Abstract: : Purpose: Poly (ADP-ribose) polymerase (PARP) is a nuclear enzyme that, by post-translationally modifying various proteins, is involved in several important cellular functions, including DNA repair, DNA transcription, carcinogenesis and apoptosis. The transcriptional activity directed by the PARP gene promoter is mainly dictated through its recognition by the transcription factors Sp1 and Sp3. Considering that the level of expression of both Sp1 and Sp3 is deeply altered by the state of cell density in primary cultures of rabbit corneal epithelial cells (RCECs), and that PARP may play a protective function during wound healing, we investigated whether: i) PARP was expressed in RCECs, and ii) whether its pattern of expression followed that of Sp1/Sp3 at varying cell densities and upon cell passages.
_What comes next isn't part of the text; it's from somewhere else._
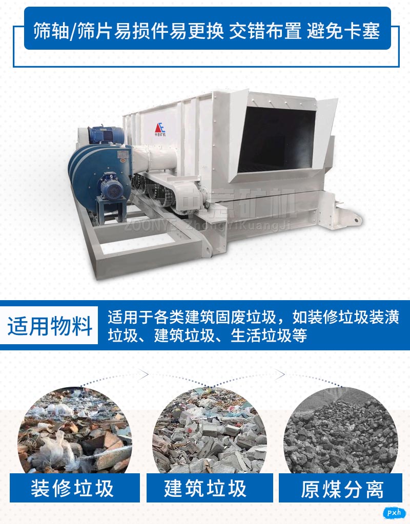 2、裝修垃圾處理設(shè)備根據(jù)裝修垃圾的物理特性或化學(xué)性質(zhì)(包括粒度、密度、重力、磁性、彈性等),分別采用不同的分揀方法,包括重力、風(fēng)力篩分等不同方式進(jìn)行綜合處理。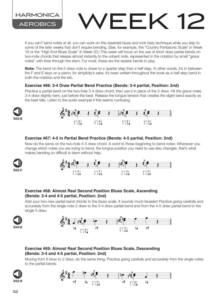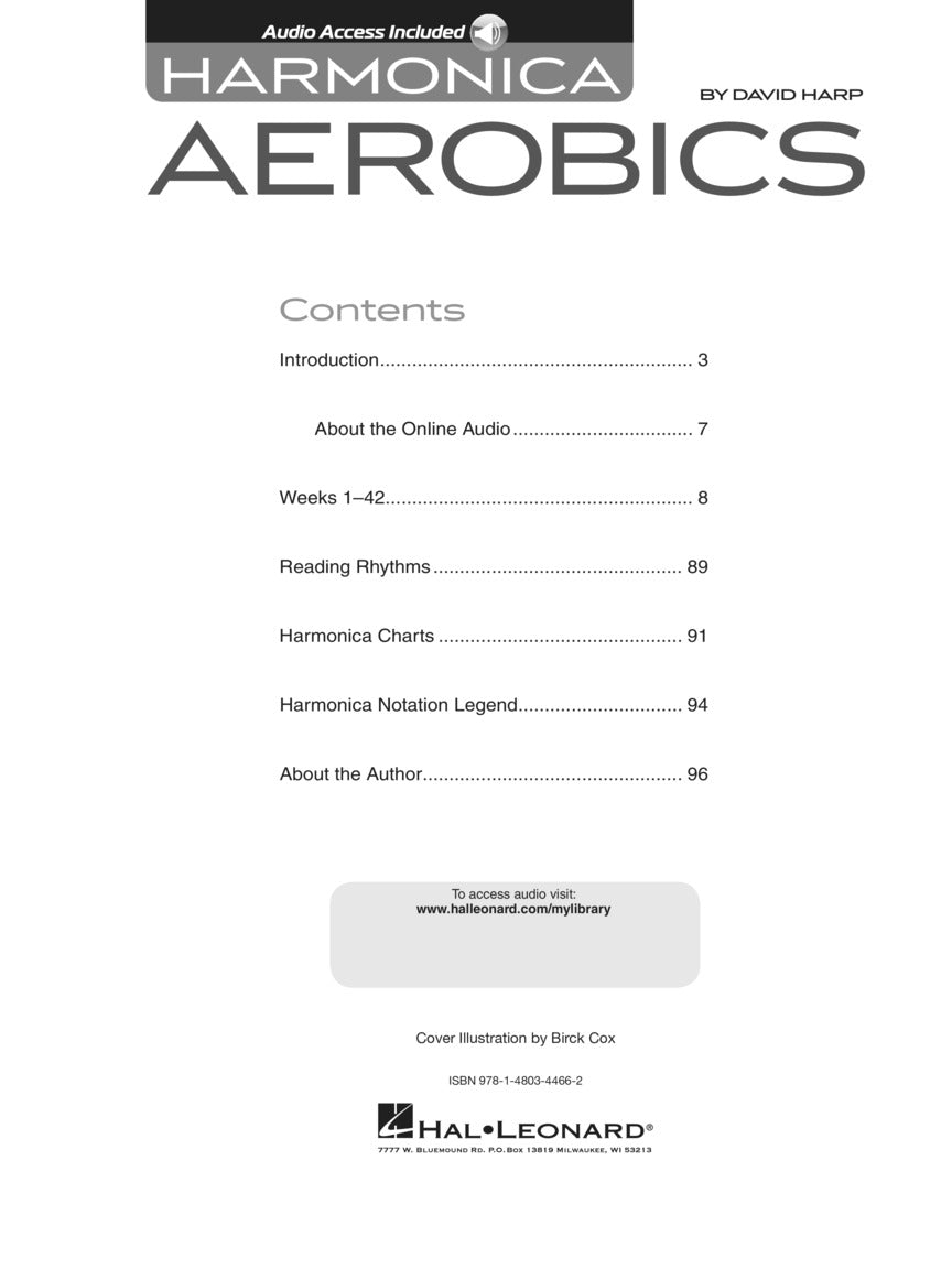 Harmonica Aerobics offers a 42-week regimen to help you play to your full potential. Whether you're a beginning or more experienced player, it's all here. The exercises include playing single notes and chords, bending notes, chord progressions, rhythmic precision, improvisation, strengthening your mouth and tongue, increasing your lung capacity, and much more, including audio tracks for helpful practicing. The audio is accessed online using the unique code inside each book and can be streamed or downloaded. The audio files include PLAYBACK+, a multi-functional audio player that allows you to slow down audio without changing pitch, set loop points, change keys, and pan left or right.

Methods: Western blot analyses were conducted to follow the expression of both PARP and Sp1/Sp3 in subconfluent and postconfluent RCECs. Similarly, recombinant constructs bearing various lengths from the PARP promoter fused to the CAT reporter gene were transiently transfected in RCECs under similar culture conditions. Electrophoretic mobility shift assays (EMSAs) were conducted to assess the expression of both Sp1 and Sp3 in nuclear extracts from both confluent and subconfluent cells, as well as from RCECs that have been subjected to serial passages in culture. Results: Subconfluent RCECs were shown to express high levels or PARP whereas no PARP expression was observed in two or five-days postconfluent cells. This pattern of PARP expression was identical to that of Sp1/Sp3: high levels of these transcription factors were observed in subconfluent but not confluent RCECs. Consistent with these results, the activity directed by the PARP promoter was found to be elevated in subconfluent but not confluent RCECs. In addition, expression of both Sp1 and Sp3, as well as that of PARP, was shown to be dramatically reduced as cells are passaged in culture and progress toward a more terminally differentiated phenotype. Conclusion: Expression of the PARP gene appears to be coordinated with that of the transcription factors Sp1 and Sp3 in primary cultured RCECs. PARP may therefore play a protective function during the proliferative phase that characterize wound healing of corneal epithelial cells. CR: None Supported by a grant from the Canadian Institutes of Health Research (CIHR)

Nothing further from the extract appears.